No pictures belong in the copy. Set down exactly the lines from the one that contains "Салтане белка иллюстрации]()" through the end of the data.

> **Exercise data**
╔══

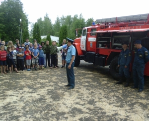 Занятия по пожарной безопасности с показом пожарно-технического вооружения состоялись в летнем оздоровительном лагере «Клен». Пожарные 20 пожарной части провели тренировочные занятия по эвакуации отдыхающих и обслуживающего персонала. Девчонкам и мальчишкам рассказали о вреде и пользе огня, поговорили о последствиях детских шалостей с огнем и о том, как вести себя, если возникла ситуация задымления или возгорания. В рамках Года пожарной охраны дети познакомились с деятельностью подразделений МЧС, с опасной и трудной работой огнеборцев, повторили номера вызова пожарной охраны и поговорили о недопущении ложных вызовов. С удовольствием юные гости рассматривали пожарные автомобили, всем хотелось попробовать себя в роли брандмейстеров. Посидеть в пожарном автомобиле и подержать пожарный ствол смог каждый желающий.
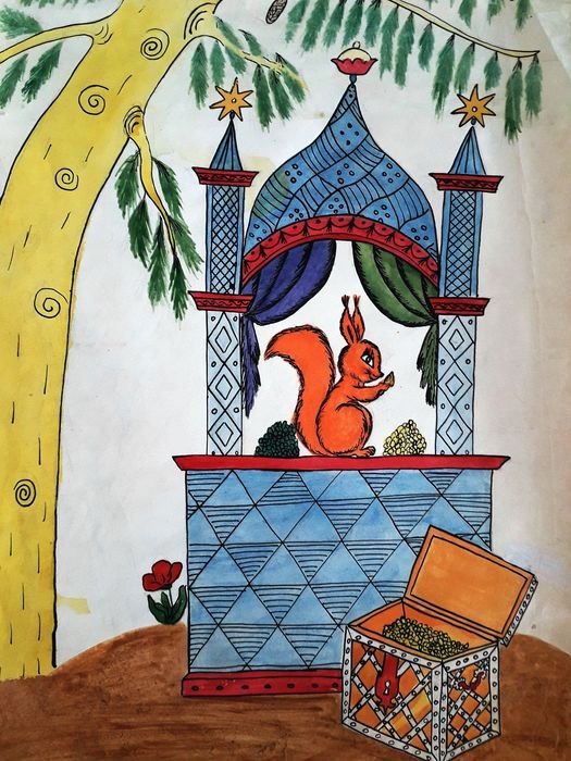 ![Пушкин сказка о царе Салтане белка иллюстрации]()
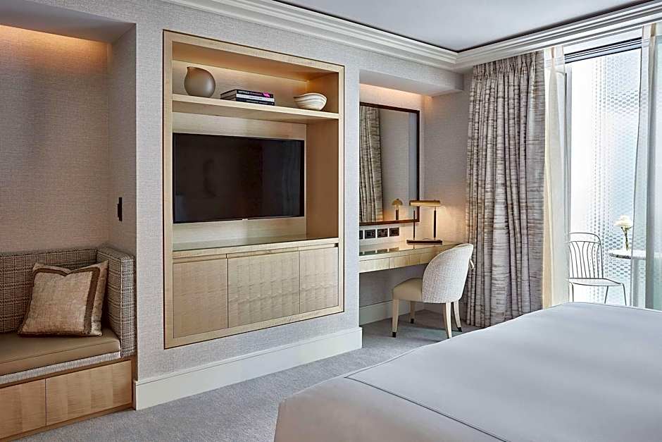 The suite features air conditioning, a tea and coffee maker, a seating area and a TV with cable channels.

╚══

> **Problem solution**
 ![Пушкин сказка о царе Салтане белка иллюстрации]()
 The suite features air conditioning, a tea and coffee maker, a seating area and a TV with cable channels.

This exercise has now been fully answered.